Without the pictures, retype exactly the lines from the top of the entries below through the line that contains "De bovenverdieping is".

##### Record excerpts #####

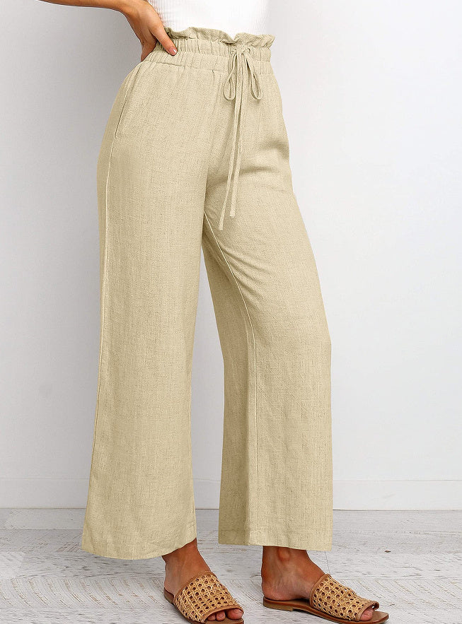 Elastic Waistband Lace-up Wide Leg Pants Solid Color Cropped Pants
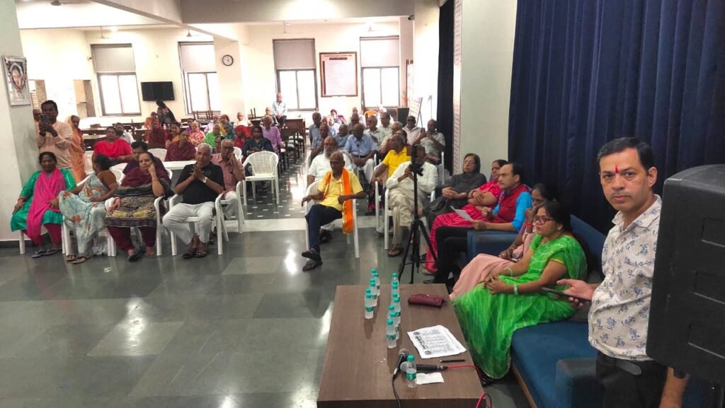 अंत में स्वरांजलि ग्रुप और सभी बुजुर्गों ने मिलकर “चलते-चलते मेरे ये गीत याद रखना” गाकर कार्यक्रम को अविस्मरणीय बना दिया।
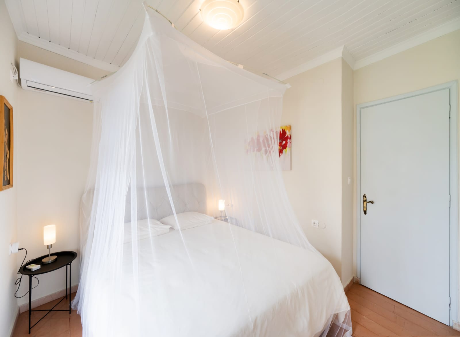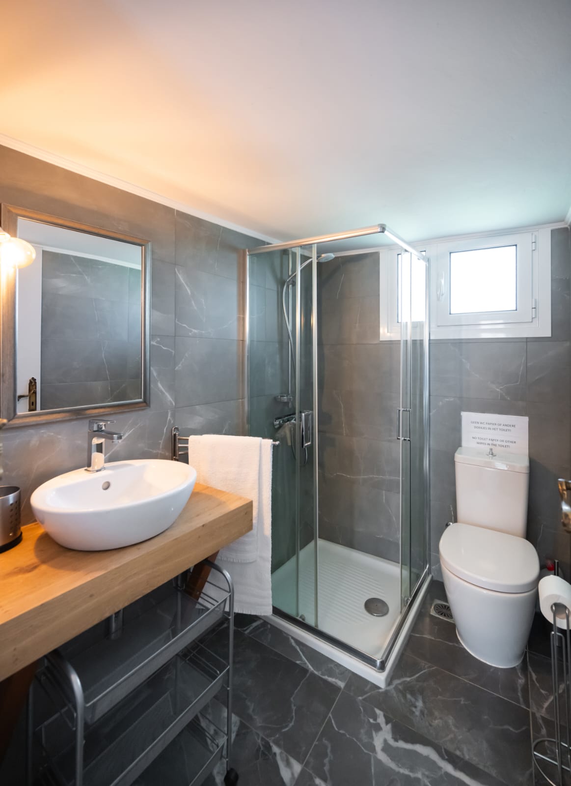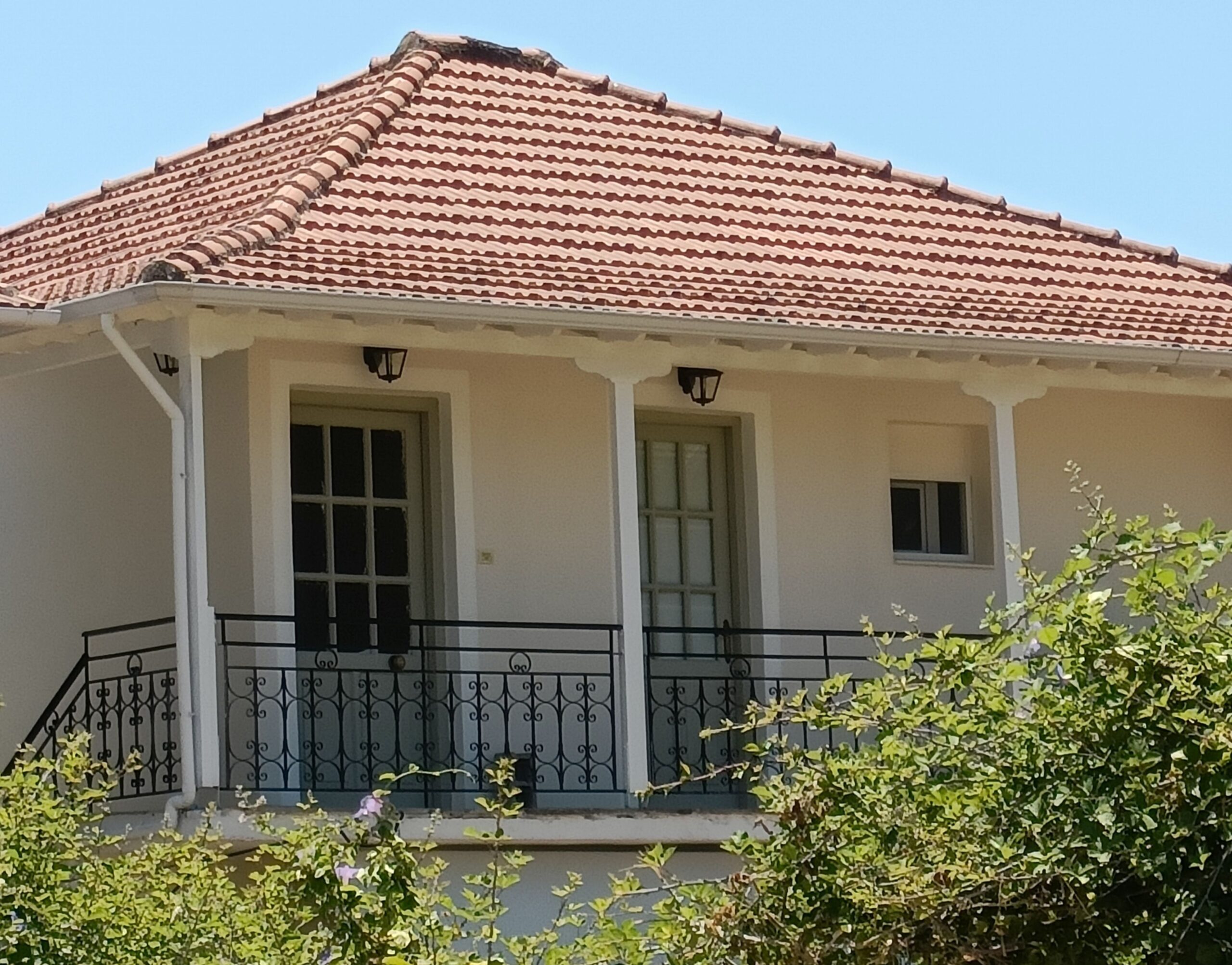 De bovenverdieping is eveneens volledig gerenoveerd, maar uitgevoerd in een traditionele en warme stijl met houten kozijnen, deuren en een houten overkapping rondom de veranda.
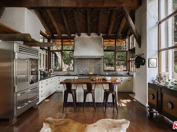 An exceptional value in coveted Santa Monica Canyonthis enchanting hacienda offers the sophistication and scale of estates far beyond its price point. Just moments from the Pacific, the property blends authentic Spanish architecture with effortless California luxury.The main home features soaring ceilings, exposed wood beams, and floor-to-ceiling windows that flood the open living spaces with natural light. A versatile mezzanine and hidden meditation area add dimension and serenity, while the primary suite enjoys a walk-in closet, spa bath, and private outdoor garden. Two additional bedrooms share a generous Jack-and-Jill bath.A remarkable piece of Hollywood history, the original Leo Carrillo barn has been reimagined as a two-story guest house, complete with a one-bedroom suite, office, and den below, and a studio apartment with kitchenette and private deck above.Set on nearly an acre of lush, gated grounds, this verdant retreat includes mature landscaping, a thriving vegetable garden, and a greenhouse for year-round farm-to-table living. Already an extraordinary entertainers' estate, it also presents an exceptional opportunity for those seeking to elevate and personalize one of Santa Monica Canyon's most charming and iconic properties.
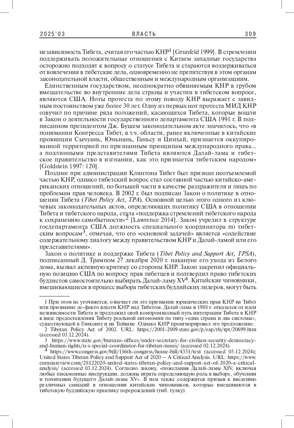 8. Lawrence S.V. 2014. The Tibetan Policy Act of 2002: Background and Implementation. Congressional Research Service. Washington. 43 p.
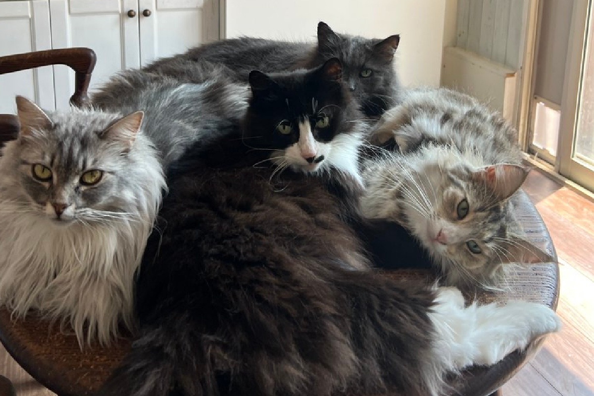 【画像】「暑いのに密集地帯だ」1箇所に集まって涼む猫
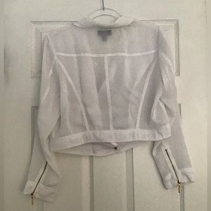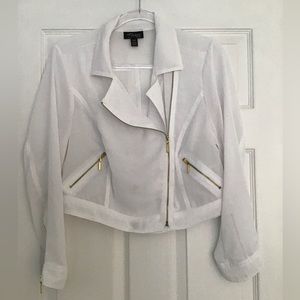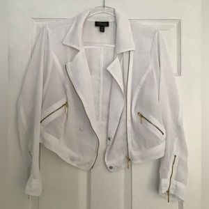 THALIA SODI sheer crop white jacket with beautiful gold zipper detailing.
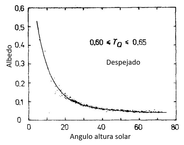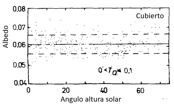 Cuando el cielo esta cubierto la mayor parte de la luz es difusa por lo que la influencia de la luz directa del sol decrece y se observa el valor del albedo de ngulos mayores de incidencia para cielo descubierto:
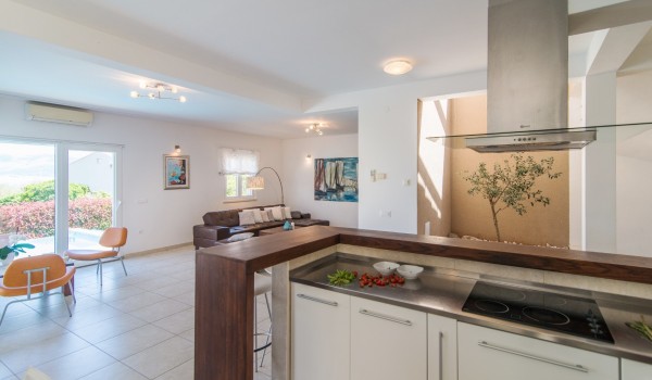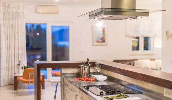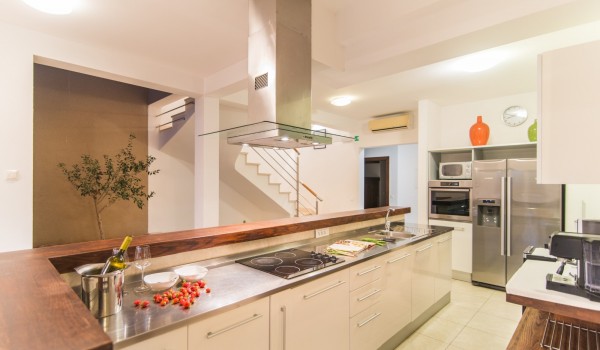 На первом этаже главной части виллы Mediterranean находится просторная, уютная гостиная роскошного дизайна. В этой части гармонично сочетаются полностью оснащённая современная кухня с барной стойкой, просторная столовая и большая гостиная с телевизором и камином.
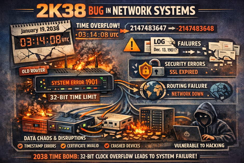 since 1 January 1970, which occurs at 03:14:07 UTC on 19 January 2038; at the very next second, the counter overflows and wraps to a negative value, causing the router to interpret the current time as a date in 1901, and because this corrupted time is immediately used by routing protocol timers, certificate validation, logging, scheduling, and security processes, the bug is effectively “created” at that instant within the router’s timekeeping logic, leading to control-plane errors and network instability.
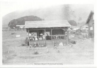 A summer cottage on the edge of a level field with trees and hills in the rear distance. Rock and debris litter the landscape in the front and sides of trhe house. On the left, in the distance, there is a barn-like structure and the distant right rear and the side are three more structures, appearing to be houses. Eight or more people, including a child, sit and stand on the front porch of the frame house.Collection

#####

### Response to this task
 Elastic Waistband Lace-up Wide Leg Pants Solid Color Cropped Pants
 अंत में स्वरांजलि ग्रुप और सभी बुजुर्गों ने मिलकर “चलते-चलते मेरे ये गीत याद रखना” गाकर कार्यक्रम को अविस्मरणीय बना दिया।
 De bovenverdieping is eveneens volledig gerenoveerd, maar uitgevoerd in een traditionele en warme stijl met houten kozijnen, deuren en een houten overkapping rondom de veranda.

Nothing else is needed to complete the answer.